But O'Neill (Netherland, The Dog) is tirelessly male.  Interestingly his characters are male in ways that are distinctively "expat" in that they aspire to a Hemingway-esque heroic masculinity.  They enjoy material privileges because of their race and education, and yet instead of centrality and authority ultimately find themselves steeped in alcohol, dislocation and marginality.

I wonder: is gender stereotyping in third culture literature more prevalent than in other contemporary literatures?
I can imagine why it might be: if the crop of authors writing now was born in the 1950s through 1980s, chances are it was their fathers who were posted overseas (for business, or mission, or military, or diplomatic work) and their mothers who "trailed": the TCK worlds of those decades was retrogressive in its gender norms. 

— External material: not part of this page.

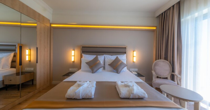 Situat pe malul mării in regiunea mediteraneană, Aydinbey King's Palace & Spa - Ultra All Inclusive oferă o plajă privată cu nisip. Proprietatea include 3 piscine in aer liber, tobogane cu apă, un centru de fitness și facilități spa.

The world of international work (business, diplomatic, mission, military) is gendered differently, slightly more equally, these days: what will happen when TCKs born in the 1990s and later start writing?

So many questions!

I am, I know, terrible at writing about gender.  So much so that I wonder if I can blame it on being myself  the product of a fairly sexist era of TCKness?  In Malaysia when I was 8 or so my father asked me if I'd rather be a boy or a girl.  "Boy" I replied quickly "because then I could pee standing up" (a skill perhaps more valuable in some countries than others).  But I marvel at my response.  In that long ago neo-colonial world of 1980s and 1990s expatriatism, it was clear to me that my father got to have all the fun (business trips, in-flight drinks, scuba gear, linen suits, respect, acclaim, authority) and my mother had to deal with a lot of difficult stuff (menstruating in the tropics, finding herself a job in country after country, continually reinventing herself, finding food, clothing, schooling and shelter for my brother and I, and often being too-much in the public eye as men ogled her red hair and speculated, openly, about whether her pubic hair matched). It was clearly easier to be my dad than my mom.